Strategy: Libraries or Frameworks

Use industry standard APIs to implement locking mechanism.

CAPEC-25: Forced Deadlock

The adversary triggers and exploits a deadlock condition in the target software to cause a denial of service. A deadlock can occur when two or more competing actions are waiting for each other to finish, and thus neither ever does. Deadlock conditions can be difficult to detect.

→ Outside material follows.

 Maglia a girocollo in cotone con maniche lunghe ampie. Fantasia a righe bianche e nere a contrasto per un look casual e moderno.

CAPEC-26: Leveraging Race Conditions

The adversary targets a race condition occurring when multiple processes access and manipulate the same resource concurrently, and the outcome of the execution depends on the particular order in which the access takes place. The adversary can leverage a race condition by "running the race", modifying the resource and modifying the normal execution flow. For instance, a race condition can occur while accessing a file: the adversary can trick the system by replacing the original file with their version and cause the system to read the malicious file.

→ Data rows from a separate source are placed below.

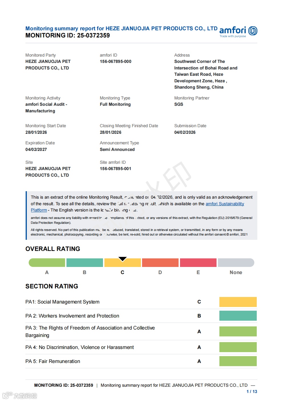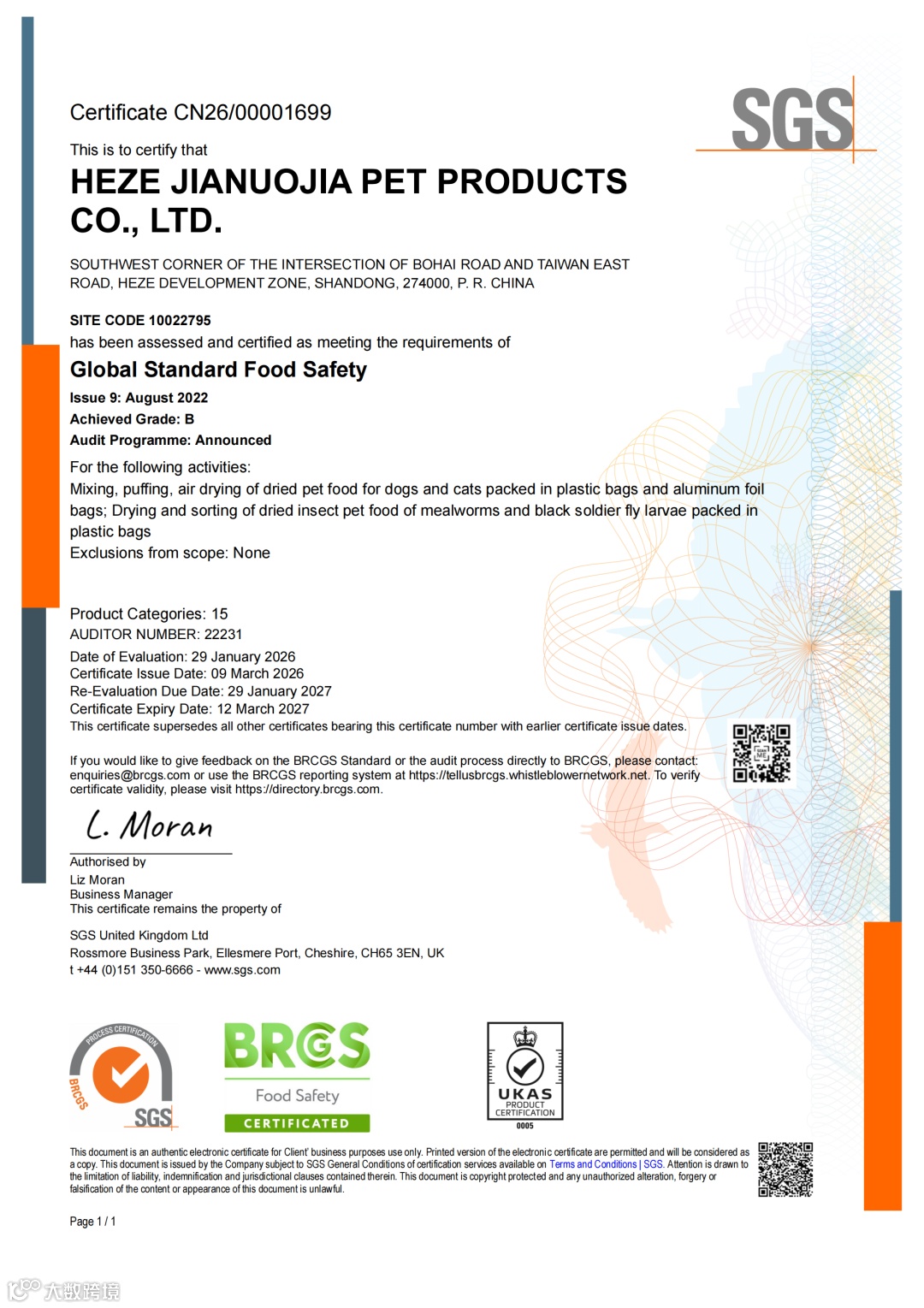 鲁宠协消息:近日,协会副会长单位——菏泽佳诺佳宠物用品有限公司顺利通过BRC全球标准食品安全认证、Amfori全球贸易协会BSCI认证,正式斩获两项国际通用、国家认可的权威认证证书。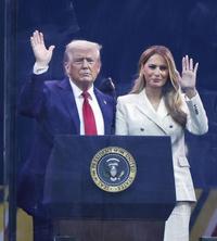 米メディアによると、キンメル氏は23日夜の番組で、25日のホワイトハウス記者会主催の夕食会のパロディーを披露。キンメル氏があいさつする設定でトランプ政権への皮肉を繰り出し、メラニアさんについて「妊娠中の未亡人のような輝きを放っている」と語った。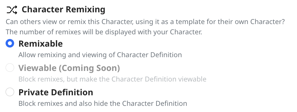 There are three settings for Character Remixing, which allow you to control both the ability for others to Remix as well as the visibility of the Definition. The Viewable state will block remixing, but still allow users to view all the details.\

CAPEC-27: Leveraging Race Conditions via Symbolic Links

This attack leverages the use of symbolic links (Symlinks) in order to write to sensitive files. An attacker can create a Symlink link to a target file not otherwise accessible to them. When the privileged program tries to create a temporary file with the same name as the Symlink link, it will actually write to the target file pointed to by the attackers' Symlink link. If the attacker can insert malicious content in the temporary file they will be writing to the sensitive file by using the Symlink. The race occurs because the system checks if the temporary file exists, then creates the file. The attacker would typically create the Symlink during the interval between the check and the creation of the temporary file.